## INFORMATION GIVEN
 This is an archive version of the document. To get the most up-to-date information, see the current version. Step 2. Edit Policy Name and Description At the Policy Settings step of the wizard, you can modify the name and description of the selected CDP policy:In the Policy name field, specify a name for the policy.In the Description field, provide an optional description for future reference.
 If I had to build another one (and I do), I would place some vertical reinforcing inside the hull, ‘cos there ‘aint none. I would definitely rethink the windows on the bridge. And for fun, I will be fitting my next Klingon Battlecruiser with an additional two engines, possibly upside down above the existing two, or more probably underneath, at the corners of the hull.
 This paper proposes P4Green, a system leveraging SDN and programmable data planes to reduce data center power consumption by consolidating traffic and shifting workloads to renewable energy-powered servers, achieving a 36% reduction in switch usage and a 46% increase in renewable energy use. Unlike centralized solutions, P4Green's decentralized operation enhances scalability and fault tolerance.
==
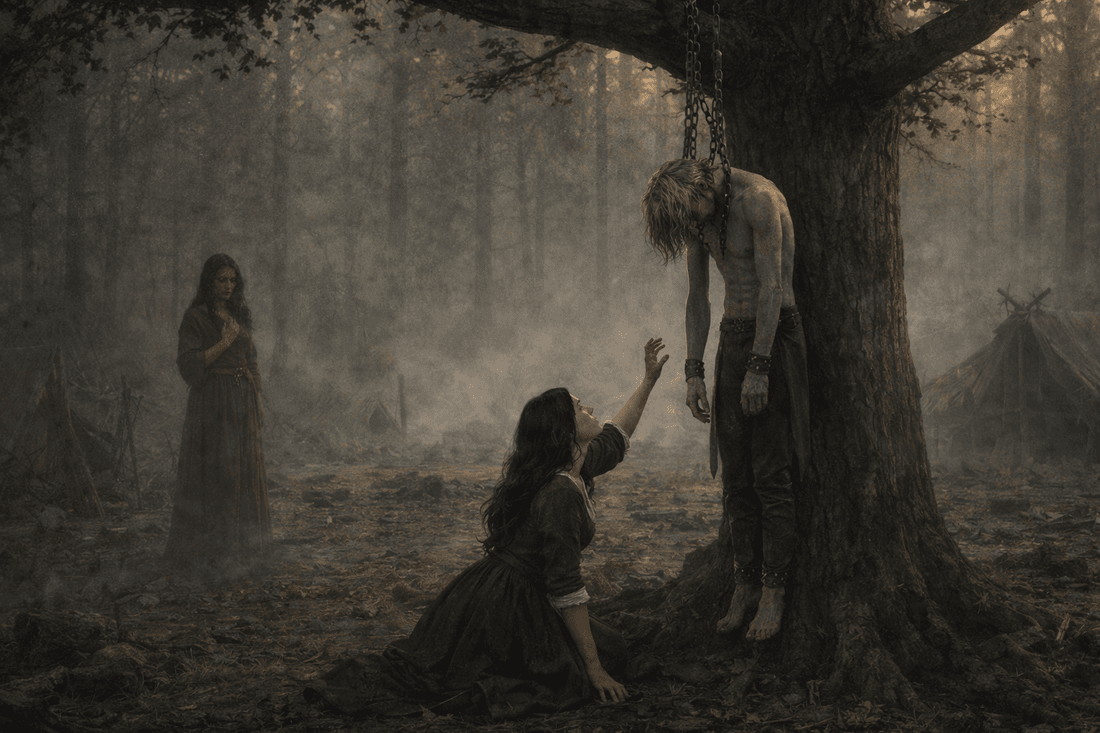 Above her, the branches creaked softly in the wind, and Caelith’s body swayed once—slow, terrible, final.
...
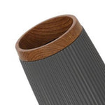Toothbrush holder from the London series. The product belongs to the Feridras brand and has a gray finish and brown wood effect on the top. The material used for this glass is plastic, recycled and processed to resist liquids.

## ABOUT THIS EXERCISE
Please make an exact copy of the lines above from the line with "This is an archive" through the line with "This paper proposes", both ends included.

## SOLUTION TO THIS TASK
 This is an archive version of the document. To get the most up-to-date information, see the current version. Step 2. Edit Policy Name and Description At the Policy Settings step of the wizard, you can modify the name and description of the selected CDP policy:In the Policy name field, specify a name for the policy.In the Description field, provide an optional description for future reference.
 If I had to build another one (and I do), I would place some vertical reinforcing inside the hull, ‘cos there ‘aint none. I would definitely rethink the windows on the bridge. And for fun, I will be fitting my next Klingon Battlecruiser with an additional two engines, possibly upside down above the existing two, or more probably underneath, at the corners of the hull.
 This paper proposes P4Green, a system leveraging SDN and programmable data planes to reduce data center power consumption by consolidating traffic and shifting workloads to renewable energy-powered servers, achieving a 36% reduction in switch usage and a 46% increase in renewable energy use. Unlike centralized solutions, P4Green's decentralized operation enhances scalability and fault tolerance.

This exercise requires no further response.